The Advisors' Blog

This blog features wisdom from respected compensation consultants and lawyers

Monthly Archives: December 2023

December 5, 2023

Pay vs. Performance: Valuing “Retirement” Acceleration for CAP

Meredith blogged last week about the SEC’s fresh round of “Pay vs. Performance” CDIs. One of the CDIs reversed course from an earlier interpretation about how to value awards that accelerate upon retirement. This WTW blog explains the impact:

In the September C&DIs the SEC appeared to entertain this view and suggested that, for the purpose of determining compensation actually paid, an award that vests on an accelerated basis at retirement with no other substantive vesting conditions could be deemed vested at the date of grant for the purposes of PVP too. In effect, this approach meant that subsequent stock price changes for such awards would no longer impact compensation actually paid beyond the retirement eligibility date. This seems to contradict the intent of PVP disclosures. It also ran the risk of creating significant complexity for companies with pro rata accelerated vesting treatment of equity awards on retirement. We raised these concerns with the SEC, particularly given that the C&DIs remained unclear on this issue, and were pleased to see revised guidance reflected in the November C&DIs release.

The latest guidance says that “other substantive conditions” must be considered, in addition to retirement eligibility. These include a market condition, actual retirement, or the satisfaction of the requisite service period. While the language remains ambiguous, it does appear now to distinguish between retirement eligibility and actual retirement. Accordingly, for awards that provide for accelerated vesting on retirement, issuers can now value awards during the vesting period through to the date of an actual retirement rather than merely the retirement eligibility date.

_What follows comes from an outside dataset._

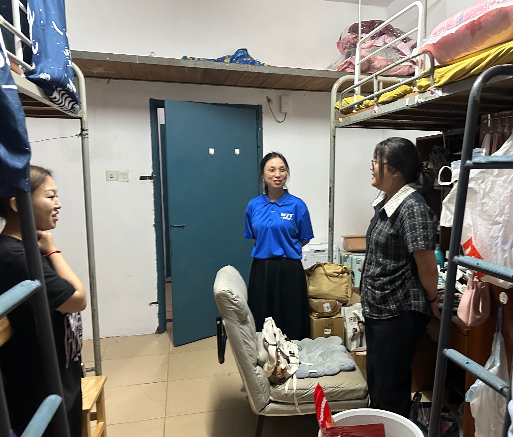 走访过程中,学院领导逐间宿舍询问新生需求,从生活细节到学习规划,从饮食偏好到兴趣爱好,以“拉家常”的方式与新生互动,现场笑声不断。在了解到部分新生因离家较远存在适应困难时,公司党委书记陆新鼓励道:“大学是全新的起点,学院就是你们的家,遇到困难随时找老师,希望大家要珍惜大学时光和同窗情谊。”

WTW points out that this interpretation is more consistent with the methodology that companies used for Year 1 disclosures, better aligned with the rule’s intent, and less burdensome. This FW Cook blog agrees that while the CDI provides welcome clarification, it doesn’t fully resolve the disclosure questions, and delves into the ambiguity that remains:

The CDI now appears to indicate that for purposes of calculating CAP the concept of retirement eligibility is no longer an issue in the typical case where the holder must actually retire to be “vested.” This would be the result, for example, where the award contains an explicit service period and also states that vesting of the award will accelerate upon a termination due to retirement. In other words, even if there were no barrier to the holder retiring immediately, the act of retiring is itself treated as a substantive condition.

However, the CDI may leave open one potential situation where the interpretive issues noted in our October 24th blog could still apply. The issues previously noted may arise if the award agreement explicitly states that a holder is vested upon the earlier of the requisite service period or meeting the definition of “retirement” (as opposed to actually having to retire). We also recognize that there will be some award agreements that do not clearly fit into one category or the other, due to nuanced differences in drafting.

We note that the specific language used for the CDI is unusual and could have been more precise as to its intent and impact, but we cannot think of any other interpretation, and other practitioners with whom we have discussed have reached the same conclusions. As such, in light of the revised CDI, companies should yet again review their equity award agreements to assess the specific language around retirement favorable vesting, in order to determine how they may be impacted by this guidance.

Liz Dunshee

December 4, 2023

Equity Plan Approvals: Showing Signs of Headwinds?

According to a recent 12-page recap from WTW, this year has been relatively quiet when it comes to say-on-pay failures, with only 49 this year, compared to 69 last year and 60 in 2021. However, votes on equity plans indicate eroding support on that front. Here’s an excerpt:

We have observed some headwinds for equity plan share requests. We have observed one failure within the S&P 1500, similar to last year at this time (two failures at this time in 2021); however, ISS opposition is the highest at 17% compared with 13% at this time in 2022 and 2021. Support is at 89% compared with 91% at this time in 2022 and 2021.

Companies should monitor their investors’ voting guideline updates and engage with stakeholders to address proactively any potential issues anticipated ahead of planned stock plan proposals. With talent pressures continuing, companies should manage share pools to avoid unexpected surprises and factor any potential headwinds into their incentive programs.

WTW notes that these challenges come at the same time that companies may be needing to use more of their share pool to attract talent. This off-season will be a good time to monitor investor sentiment on dilution and provisions that are considered “problematic.”